# Prior Service Marine to 18x



## LARsgt (Jul 11, 2016)

Good evening gentlemen. Before I start, a quick background on myself. Enlisted in the Marine Corps at 17 in 2004. Deployed to Iraq with 1st LAR in 08. Mos is 2147 LAV mechanic, jumped at the opportunity to be a platoon mechanic, became part of a fireteam, went on every patrol and loved every second of it. When we came back I began working on a 18X contract. The recruiter I was working with told me I was ready to go to MEPS and to go ahead and check out of my unit under a conditional relase, goodbye Marine Corps, I love you.

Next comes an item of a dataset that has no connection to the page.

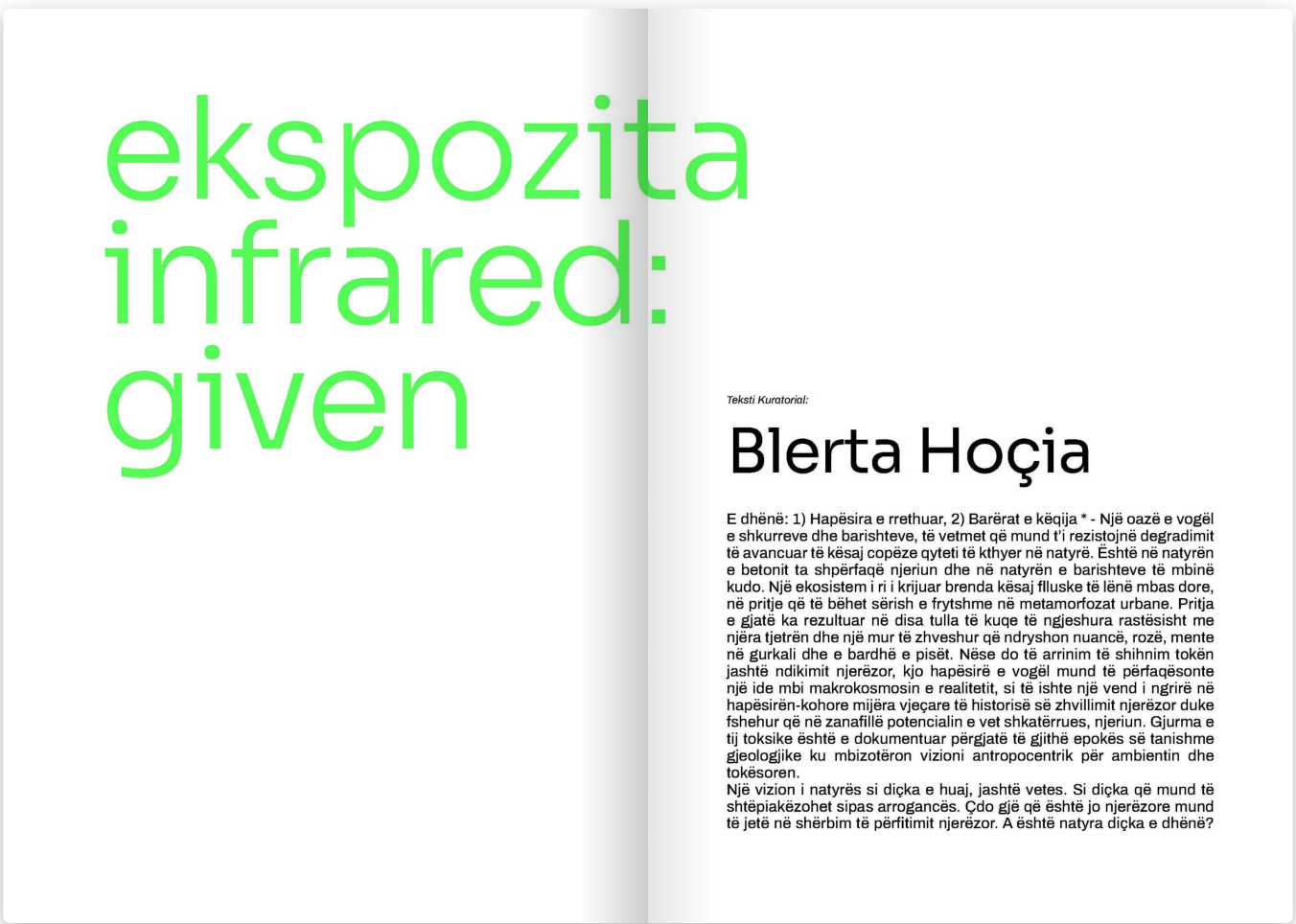 Në edicionin e dytë të INFRARED u trajtuan tema që kanë të bëjnë me çështjet emergjente të ambientit. Në katalog janë të përmbledhura dhe prezantuara punët e tetë artistëve/eve që ishin pjesë e Rezidencës së Artit dhe Ekspozitës Given. Ndotja e ajrit, plastika, mbipopullimi, prerja e pyjeve, hidrocentralet dhe ndikimi i tyre në lumenj dhe pozicionimi dominues i njeriut karshi natyrës, janë disa prej temave që u trajtuan artistikisht në mediume të ndryshme për ekspozitën Given.

After MEPS she told me she messed up and didnt know I was an E5, and they were only accepting E4s. I was already out, and couldnt get back in, absolutely crushed. The mindset never left and I have recently realized that this is what I was meant to do. I dont want anything else. I have read sapper docs thread, as well as another marine who was also denied, or gave up, I cant tell, he quit posting. I have a packet being submitted currently, and have done everything(army enlistment packet, security clearance packet, and all the other paperwork they told me to fill out) the recruiters have asked me to do. I have yet to run a PFT but last one i ran myself was decent(i can, and will do better). 90 sit ups, 55 pushups(this will improve), and i have been running untimed 3-milers, i ran a 1 mile in 7.05 and will post my 2 mile time tomorrow after I time it. I'm also rucking at least 3 miles with a 45lb pack 1-2 times a week, i know i need more. I've read GET SELECTED! twice and watched every video I could find pertaining to SFAS SOPC and the Q course. Here's the kicker, I turn 30 on aug 24th, so my window is closing. My questions: are any of you gentlemen able to interpret the current business rules? If i am disapproved, what are my options? Do any current or former Green Berets have any advice, encouraging words, mentoring for me? I use facebook to stay in touch with my brothers from the Marine Corps, should I go ahead and delete that(i plan to before leaving for sopc anyway)? Any and all information will be greatly appreciated beyond words. I know i may be coming off strong. I have a sense of humor, I promise, but theres a time and place, and I'm taking this very seriously. I want this more than I want oxygen. There is a war going on, men are dying, and I'm over here drinking budlights and sleeping in the AC, this is something I cannot live with. I look forward to hearing from all of you. Sorry for the long ass post.


----------



## Teufel (Jul 11, 2016)

Reserve Recon is always an option if you can't get into the 18X program. If you make it of course.


----------



## LARsgt (Jul 12, 2016)

Teufel said:


> Reserve Recon is always an option if you can't get into the 18X program. If you make it of course.


I'll keep that in mind, reserve anything would definitely be after I expended all active options, thank you for the reply. I'm not sure if there are any recon reserve units around Mr but I will look into it when the time comes. Semper Fi.


----------



## LARsgt (Jul 12, 2016)

Ran the 2 mile this morning in 14.56. I'll 've calling the recruiter today at some point to check in.


----------